First, let’s create a DataFrame with a slew of different dtypes:

  1. In [435]: df = pd.DataFrame({'string': list('abc'),
  2. .....: 'int64': list(range(1, 4)),
  3. .....: 'uint8': np.arange(3, 6).astype('u1'),
  4. .....: 'float64': np.arange(4.0, 7.0),
  5. .....: 'bool1': [True, False, True],
  6. .....: 'bool2': [False, True, False],
  7. .....: 'dates': pd.date_range('now', periods=3).values,
  8. .....: 'category': pd.Series(list("ABC")).astype('category')})
  9. .....:
  10. In [436]: df['tdeltas'] = df.dates.diff()
  11. In [437]: df['uint64'] = np.arange(3, 6).astype('u8')
  12. In [438]: df['other_dates'] = pd.date_range('20130101', periods=3).values
  13. In [439]: df['tz_aware_dates'] = pd.date_range('20130101', periods=3, tz='US/Eastern')
  14. In [440]: df
  15. Out[440]:
  16. string int64 uint8 float64 bool1 bool2 dates category tdeltas uint64 other_dates tz_aware_dates
  17. 0 a 1 3 4.0 True False 2018-08-05 11:57:39.507525 A NaT 3 2013-01-01 2013-01-01 00:00:00-05:00
  18. 1 b 2 4 5.0 False True 2018-08-06 11:57:39.507525 B 1 days 4 2013-01-02 2013-01-02 00:00:00-05:00
  19. 2 c 3 5 6.0 True False 2018-08-07 11:57:39.507525 C 1 days 5 2013-01-03 2013-01-03 00:00:00-05:00

And the dtypes:

  1. In [441]: df.dtypes
  2. Out[441]:
  3. string object
  4. int64 int64
  5. uint8 uint8
  6. float64 float64
  7. bool1 bool
  8. bool2 bool
  9. dates datetime64[ns]
  10. category category
  11. tdeltas timedelta64[ns]
  12. uint64 uint64
  13. other_dates datetime64[ns]
  14. tz_aware_dates datetime64[ns, US/Eastern]
  15. dtype: object

select_dtypes() has two parameters include and exclude that allow you to say “give me the columns with these dtypes” (include) and/or “give the columns without these dtypes” (exclude).

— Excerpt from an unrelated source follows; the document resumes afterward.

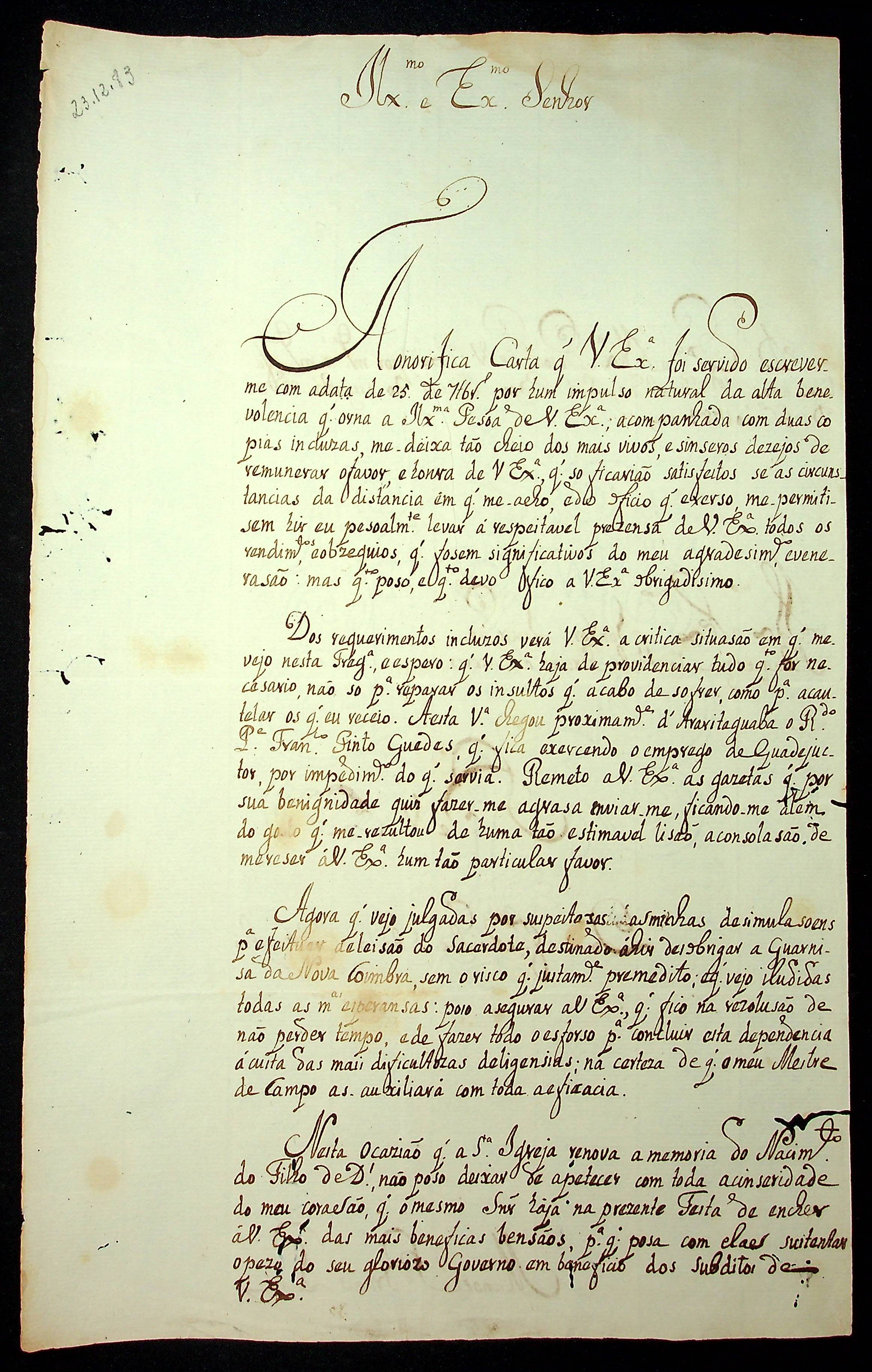 CARTA de Manoel Bruno Lima ao [Governador e Capitão-General da Capitania de Mato Grosso] Luiz de Albuquerque de Melo Pereira e Cáceres.

For example, to select bool columns:

  1. In [442]: df.select_dtypes(include=[bool])
  2. Out[442]:
  3. bool1 bool2
  4. 0 True False
  5. 1 False True
  6. 2 True False

You can also pass the name of a dtype in the NumPy dtype hierarchy:

  1. In [443]: df.select_dtypes(include=['bool'])
  2. Out[443]:
  3. bool1 bool2
  4. 0 True False
  5. 1 False True
  6. 2 True False

select_dtypes() also works with generic dtypes as well.

For example, to select all numeric and boolean columns while excluding unsigned integers:

  1. In [444]: df.select_dtypes(include=['number', 'bool'], exclude=['unsignedinteger'])
  2. Out[444]:
  3. int64 float64 bool1 bool2 tdeltas
  4. 0 1 4.0 True False NaT
  5. 1 2 5.0 False True 1 days
  6. 2 3 6.0 True False 1 days

To select string columns you must use the object dtype:

  1. In [445]: df.select_dtypes(include=['object'])
  2. Out[445]:
  3. string
  4. 0 a
  5. 1 b
  6. 2 c

To see all the child dtypes of a generic dtype like numpy.number you can define a function that returns a tree of child dtypes:

  1. In [446]: def subdtypes(dtype):
  2. .....: subs = dtype.__subclasses__()
  3. .....: if not subs:
  4. .....: return dtype
  5. .....: return [dtype, [subdtypes(dt) for dt in subs]]
  6. .....:

All NumPy dtypes are subclasses of numpy.generic:

  1. In [447]: subdtypes(np.generic)
  2. Out[447]:
  3. [numpy.generic,
  4. [[numpy.number,
  5. [[numpy.integer,
  6. [[numpy.signedinteger,
  7. [numpy.int8,
  8. numpy.int16,
  9. numpy.int32,
  10. numpy.int64,
  11. numpy.int64,
  12. numpy.timedelta64]],
  13. [numpy.unsignedinteger,
  14. [numpy.uint8,
  15. numpy.uint16,
  16. numpy.uint32,
  17. numpy.uint64,
  18. numpy.uint64]]]],
  19. [numpy.inexact,
  20. [[numpy.floating,
  21. [numpy.float16, numpy.float32, numpy.float64, numpy.float128]],
  22. [numpy.complexfloating,
  23. [numpy.complex64, numpy.complex128, numpy.complex256]]]]]],
  24. [numpy.flexible,
  25. [[numpy.character, [numpy.bytes_, numpy.str_]],
  26. [numpy.void, [numpy.record]]]],
  27. numpy.bool_,
  28. numpy.datetime64,
  29. numpy.object_]]

Note: Pandas also defines the types category, and datetime64[ns, tz], which are not integrated into the normal NumPy hierarchy and won’t show up with the above function.